I am towards the very end of my CFI training. In order for the chief pilot of my school to sign me off he wants me to do further ground evaluation with another CFI, who is not my original CFI, to see how my ground instruction is.

 

Ok, fine.

 

It seems this new CFI has a different philosophy on how ground should be taught compared to my first CFI.

 

With my original instructor I was taught to explain things in a steady pace. Kind of at the pace of the creation of the Earth as read from the bible; "And on the first day God created the light and darkness..." etc (I think you get my point). I was taught this should be done even with the topics of Aerodynamics and Weather. The idea being that the student should have read the material already (which we ALL know does not always happen).

 

This new CFI who is evaluating me thinks the opposite. And I tend to agree. He believes you should EXPLAIN topics like aerodynamics, weather and aircraft systems in detail because they are very important. Particularly aerodynamics.

 

I have great respect for my first CFI. That is why I am here. It leads me to wonder what benefit is to be gained from just giving the basics of topics, like aerodynamics and such. I have heard the "move things along" philosophy (for lack of a better term) from several people whom I respect.

 

 

Me personally, I would like to explain certain topics such as aerodynamics and weather.
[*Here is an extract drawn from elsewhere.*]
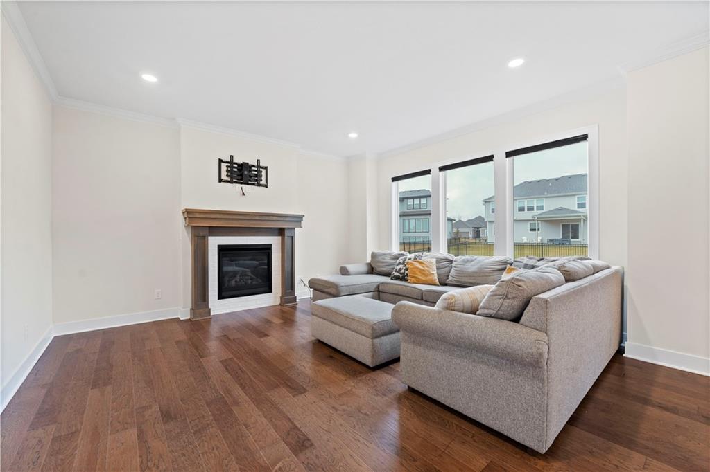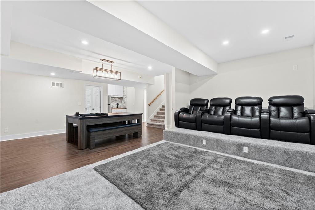 Stunning 6-bedroom, 5-bathroom home with ample space and luxurious features throughout. The main level offers a versatile guest bedroom or office, while the second floor boasts 4 additional bedrooms, including a spacious primary suite with a large bathroom and oversized closet. The finished basement is an entertainer's dream, featuring a theatre room, wet bar, home gym, and a bonus bedroom with a full bath. Outdoors, enjoy the screened-in patio, large concrete patio with built-in fire pit, perfect for gatherings. Centrally located with easy highway access and just a short walk or bike ride to nearby shopping. The Reserve at Woodside Ridge offers a convenient location to highway access, shopping centers, and the Rock Island Trail. The amenities complex features: a club house, pool, pickleball court, hammock garden, and playground area. The HOA dues also include trash, recycling, and paved walking trails.
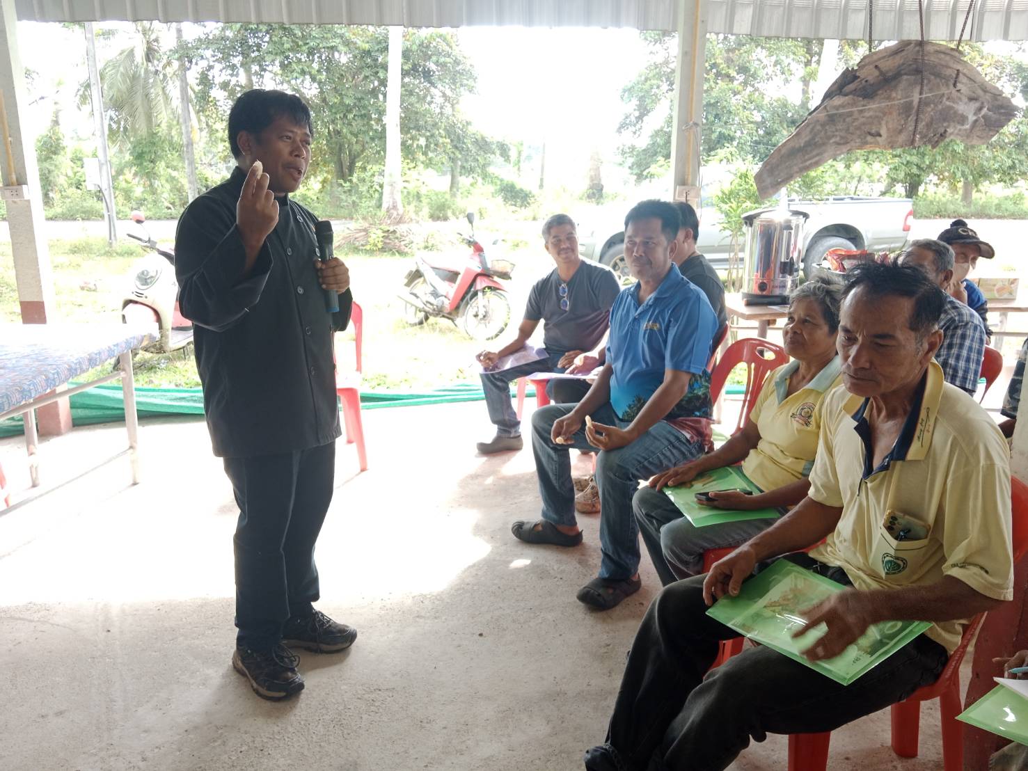 เมื่อวันที่ 19 กุมภาพันธ์ 2569 ทางคลินิกเทคโนโลยี ได้จัดกิจกรรมอบรมเชิงปฏิบัติการเกี่ยวกับกระบวนการแปรรูปเพิ่มมูลค่าผลิตภัณฑ์จากเนื้อโค เพื่อเพิ่มมูลค่า เช่น แคบบวัว เนื้อฝอย เนื้อแดดเดียว เนื้อสวรรค์ และเนื้อเสียบไม้ ให้กับกลุ่มวิสาหกิจชุมชนกลุ่มเลี้ยงโคตำบลเสาเภา จังหวัดนครศรีธรรมราช โดยมีผู้เข้าร่วมกิจกรรมจำนวน 30 ราย โดยกิจกรรมดังกล่าวมีวัตถุประสงค์เพื่อ เสริมสร้างความรู้และทักษะด้านการแปรรูปผลิตภัณฑ์จากเนื้อโคให้มีมาตรฐาน สามารถเพิ่มมูลค่าให้กับผลผลิตทางการเกษตร ลดการจำหน่ายในรูปแบบวัตถุดิบ และสร้างโอกาสในการประกอบอาชีพและเพิ่มรายได้ให้แก่เกษตรกรในชุมชน ภายหลังการอบรม กลุ่มเกษตรกรได้นำองค์ความรู้ที่ได้รับไปประยุกต์ใช้ในการพัฒนาผลิตภัณฑ์ของกลุ่มให้มีความหลากหลาย มีคุณภาพ และมีบรรจุภัณฑ์ที่เหมาะสมยิ่งขึ้น ซึ่งช่วย สร้างมูลค่าเพิ่มให้กับผลิตภัณฑ์ สามารถต่อยอดสู่การจำหน่ายในตลาดชุมชนและตลาดออนไลน์ อันนำไปสู่การสร้างรายได้และความเข้มแข็งให้กับกลุ่มวิสาหกิจชุมชนอย่างยั่งยืน รายงานโดย นายวิรัตน์ หน่อแดง วันที่รายงาน 17/03/2569 [21174] |

Regulations can be less so, in my opinion.

 

I just wanted to get some feedback from those who have been there or are there.

Posted

Personally, I think you will find different students are going to need a different techniques and will also have different amounts of education to draw there anwers from. Some will soak up the aerodymanics stuff as quickly as you can feed it to them, but when it comes to weather, you may have to spoon feed them.

 

I am not an aviation instructor, but do teach/instruct various topics on the fire side, and you can tell when a student is able to comprehend and understand the material verses just regurgitating the informing with no indepth subject knowledge.

 

But remember, the ultimate goal to have the student pass the written and oral examinations. If the student does his/her job of reading the material, its up to you and the student to find a way to cover the subjects. You as the CFI are going to have to determine if the student knows the information and then you can move on to another subject. Maybe one methodology is to review the subject matter that was assigned the student to read at home, and if the students gives you decent answers and seems competent, then move on. If the student is lacking certain parts in the Q & A, then back up and cover the material in more detail.

 

Hope this helps and this is how my ground instructor performed his magic with me! I think two major qualities all instructors need is patience and understanding and my hat is off to the good ones out there that have these sometimes rare qualities!

Posted

Different students and different topics will require different approaches. I'm a student now, but have done some teaching (CPR, first aid, and science stuff). The most useless thing is reading to a student, followed closely by explaining something to the student when he already knows it (but you're not paying attention enough to notice). That last part is hard, because sometimes you really want to talk about something because you think it's so cool, and you get disappointed when your student doesn't need it....

 

With CPR and first aid, I'd come in with a hear-me, tell-me, show-me plan. The hear-me part you have to adjust to your student's base knowledge and preparation (and with CPR, their interest or motivations). CPR it was necessary to lecture about all the basics in some detail--how things work, what you do, why you do it. Flight students shouldn't need much of this, because their home study should be giving them the base...but it's so easy to fall behind on the books. Still, some concepts I think flight students need to make a good attempt at figuring out at home, because they aren't really going to get it no matter how brilliant your explanation. For the guy who just doesn't know how to study, I'd plant the seed, give them a specific take-home problem (next time you walk in here I want you to tell me why the R22 has an underslung rotor system), and send them home rather than dragging them through one lengthy explanation after another (and remember, attention spans for adults top out around 45 minutes for the best of us). Anyway, with this part i tried to start basic (heart-brain-blood-lungs), ask some questions (what does the brain need, how does it get it), assess the student's knowledge and needs, then adjust my level of detail and speed. Fill-in-the-blank lecturing is good for this--keeps the student engaged, and you get feedback on what you need to go more in-depth about.

 

What i end up doing with my flight instructors starts with the tell-me phase. They quiz me on all the topics for the lesson, and i can define and usually apply those concepts. Here's the phase where you identify things the student thinks he knows but doesn't, you explain what they don't understand, and you need to be prepared to switch back to the hear-me phase if they just say they don't know. "Tell me about..." works well here, and as an instructor i'm mostly providing feedback and making adjustments. CPR it was practicing the individual techniques (you know, compressions vs artificial respirations vs airway obstructions...), with the students telling me what they are doing as they do it. This part helps them phrase the knowledge in terms they'll understand.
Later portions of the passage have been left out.